Monitor Intelligent Replication in Confluent Private Cloud¶
Confluent Private Cloud provides comprehensive JMX metrics to help you measure cluster and
application performance. In addition to standard Kafka metrics, several new
Intelligent Replication-specific metrics are available in the
kafka.server:type=IntelligentReplication
MBean.
Leader side metrics¶
The following metrics are available on broker leaders for monitoring push replication behavior:
Metric Name | Type | Description |
---|---|---|
PushManagerMemoryBytesUsed |
Gauge | Measures the MemoryRecords enqueued or in-flight in the push replication mechanism |
PushSessionEndCount |
Counter | Counter incremented when a push replication session ends for any reason, with a reason tag indicating the cause. During such a failure, the broker automatically transitions to use pull replication. |
StoppingPushSessionsCount |
Gauge | Gauge tracking the number of push sessions that are currently in the process of being stopped, i.e. sessions where the leader has initiated the stop process but has not yet received acknowledgment from the follower. |
PushEventQueueProcessingTimeMs |
Histogram | Histogram tracking the processing time of enqueued events in the push replication mechanism |
PushEventProcessingFailure |
Counter | Counter incremented when an error occurs while processing events in the push replication event queue. |
FollowersAwaitingPushTransition |
Counter | Counter tracking the cumulative number of times follower replicas have satisfied all conditions for transitioning to intelligent replication mode except being fully caught up to the leader’s log end offset (LEO). |
Follower side metrics¶
The following metrics are available on broker followers for monitoring push replication behavior:
Metric Name | Type | Description |
---|---|---|
PushPartitionsCount |
Gauge | Gauge tracking the number of follower partitions transitioned to push replication mode, and hence have paused fetching from the leader. |
PullTransitionsCount |
Counter | Counter incremented when a partition is successfully transitioned from PUSH to PULL. Incremented on the follower |
Monitor key metrics¶
- Performance Indicators
PushPartitionsCount
: Higher values indicate more partitions using optimized push replication. In a healthy cluster, you should see this number increase as partitions transition from pull to push mode.PushEventQueueProcessingTimeMs
: Lower values indicate efficient event processing. High values may indicate resource constraints or bottlenecks in the push replication mechanism.
- Health Indicators
PushSessionEndCount
: Monitor reason tags to identify issues. Normal operational reasons include leadership changes, but frequent non-retriable errors indicate problems.PushEventProcessingFailure
: Should remain low or zero. Increasing values indicate system health issues that may require investigation.StoppingPushSessionsCount
: Should typically be low. Persistently high values suggest followers are not properly acknowledging session end notifications.
- Capacity Indicators
PushManagerMemoryBytesUsed
: Monitor to prevent memory pressure. Consistently high values indicate that produce traffic may be overwhelming replication capacity.FollowersAwaitingPushTransition
: High values may indicate followers struggling to catch up due to continuous incoming records preventing them from reaching the leader’s log end offset.

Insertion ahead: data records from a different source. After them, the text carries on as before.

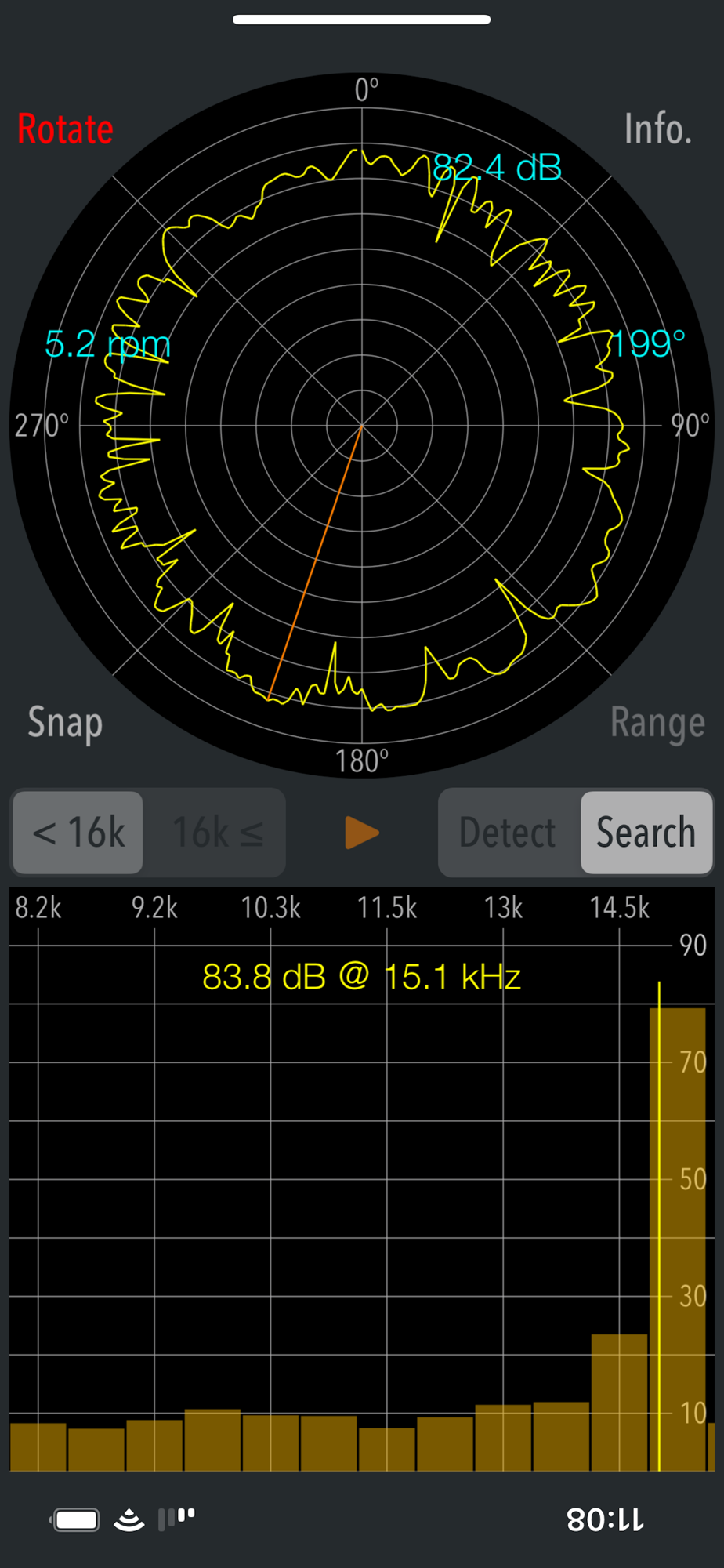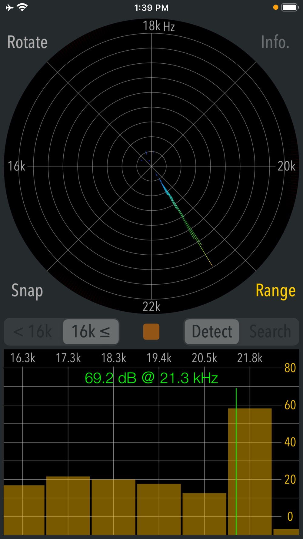 This app has two operation modes, "Detection" and "Search". Detection mode can check if there are high frequency and ultrasonic sounds that you can not hear. Search mode can find the direction of high-frequency sound source. It can only be used when it has found the peak frequency in Detection mode.
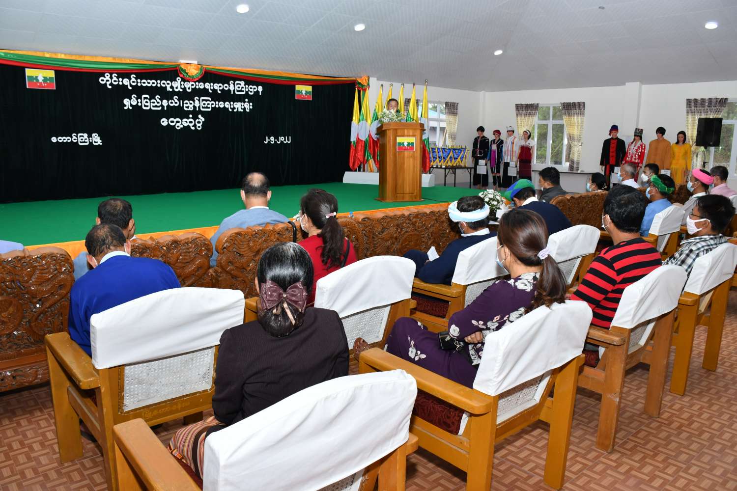 ထို့နောက် ပြည်ထောင်စုဝန်ကြီး၊ ဒုတိယဝန်ကြီးနှင့် ပြည်နယ်တိုင်းရင်းသားရေးရာဝန်ကြီးတို့က တိုင်းရင်းသားစာပေနှင့် ယဉ်ကျေးမှုလုပ်ငန်းများ ထိန်းသိမ်း မြှင့်တင်ဆောင်ရွက်နိုင်ရန်အတွက် ထောက်ပံ့ငွေများ ပေးအပ်သည်။
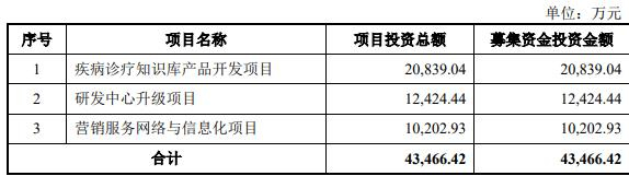 美康股份原拟在深交所创业板公开发行股数不超过1,875.00万股,原拟募集资金43,466.42万元,计划用于疾病诊疗知识库产品开发项目、研发中心升级项目、营销服务网络与信息化项目。
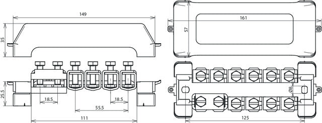 Die Potentialausgleichsschiene entspricht der EN 62561-1, ausgelegt für den Schutz- und Funktionspotentialausgleich nach IEC 60364-4-41/60364-5-54 (DIN VDE 0100-410/540) und für den Blitzschutzpotentialausgleich nach IEC/EN 62305-3. Diese Standardausführung ist nach DIN VDE 0618-1 geprüft, mit einem CE-Zeichen versehen und mit Rastklemmen St/gal Zn ausgestattet. Er wird mit Befestigungsrahmen und einer grauen, halogenfreien Kunststoffabdeckung geliefert, die zur einfachen Identifizierung versiegelt und beschriftet werden kann.
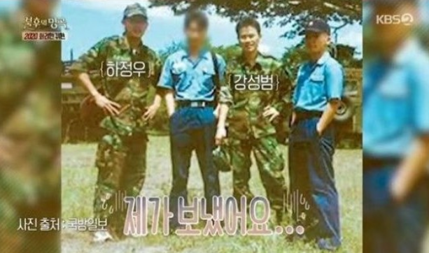 강성범은 군 복무를 국군 홍보 관리소에서 했다고 하는데요. 당시 동기 중에 배우 하정우가 있었다고 합니다.
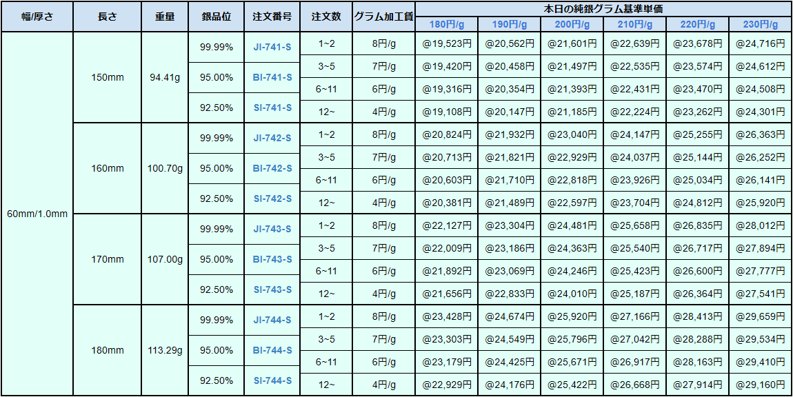 シルバー9999、シルバー950、シルバー925ソフトシートの販売価格は、4N純銀をベースに計算されています。950銀、925銀は同一価格での販売となります。

Follow monitoring best practices¶
- Set Up Alerts
Configure alerts for metrics that indicate system health issues:
PushEventProcessingFailure
increasing rapidlyPushManagerMemoryBytesUsed
consistently highStoppingPushSessionsCount
persistently high
- Track Performance
Monitor performance improvements:
- Compare end-to-end latency before and after enabling Intelligent Replication
- Track
PushPartitionsCount
to see adoption across partitions - Monitor CPU usage reduction on brokers
- Capacity Planning
Use metrics for capacity planning:
PushManagerMemoryBytesUsed
for memory allocationPushEventQueueProcessingTimeMs
for processing capacity